§ **Record excerpts**:
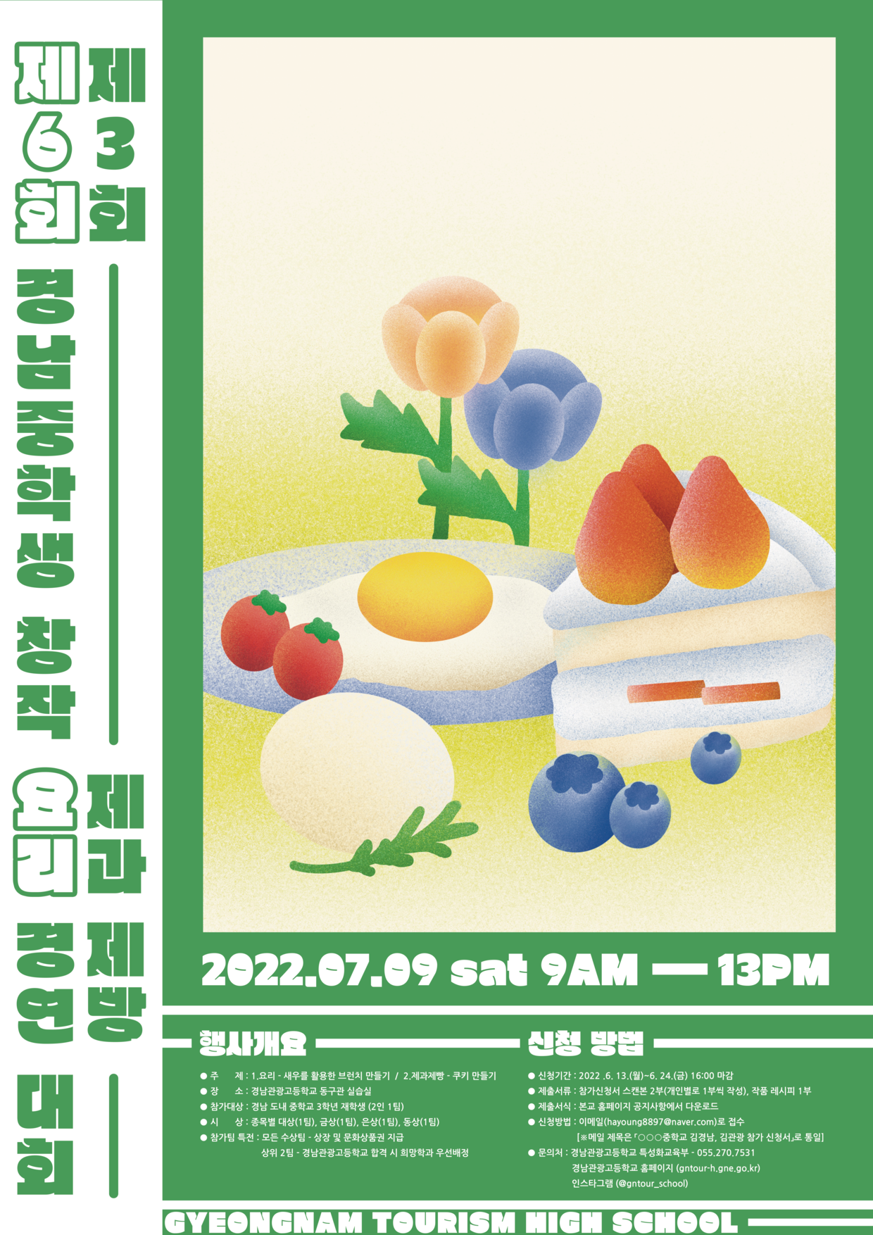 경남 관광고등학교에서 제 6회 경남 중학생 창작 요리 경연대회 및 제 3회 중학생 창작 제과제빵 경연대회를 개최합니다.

==

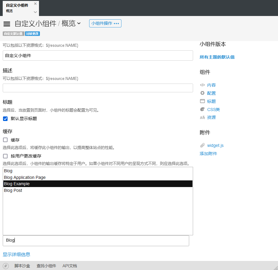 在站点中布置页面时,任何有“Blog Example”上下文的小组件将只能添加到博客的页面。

...

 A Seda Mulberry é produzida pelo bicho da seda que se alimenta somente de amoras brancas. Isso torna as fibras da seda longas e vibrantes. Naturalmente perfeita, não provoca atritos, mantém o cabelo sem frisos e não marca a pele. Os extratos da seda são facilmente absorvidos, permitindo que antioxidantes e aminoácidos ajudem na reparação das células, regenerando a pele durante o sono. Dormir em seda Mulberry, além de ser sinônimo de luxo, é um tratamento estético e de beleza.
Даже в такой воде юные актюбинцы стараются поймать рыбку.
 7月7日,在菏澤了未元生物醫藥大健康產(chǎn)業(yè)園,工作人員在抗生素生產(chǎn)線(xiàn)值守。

§ **What the exercise asks**:
Everything from the line with "A Seda Mulberry" through the line with "7月7日,在菏澤了未元生物醫" in the listing above must be retyped exactly, with nothing added.

§ **Response below**:
 A Seda Mulberry é produzida pelo bicho da seda que se alimenta somente de amoras brancas. Isso torna as fibras da seda longas e vibrantes. Naturalmente perfeita, não provoca atritos, mantém o cabelo sem frisos e não marca a pele. Os extratos da seda são facilmente absorvidos, permitindo que antioxidantes e aminoácidos ajudem na reparação das células, regenerando a pele durante o sono. Dormir em seda Mulberry, além de ser sinônimo de luxo, é um tratamento estético e de beleza.
Даже в такой воде юные актюбинцы стараются поймать рыбку.
 7月7日,在菏澤了未元生物醫藥大健康產(chǎn)業(yè)園,工作人員在抗生素生產(chǎn)線(xiàn)值守。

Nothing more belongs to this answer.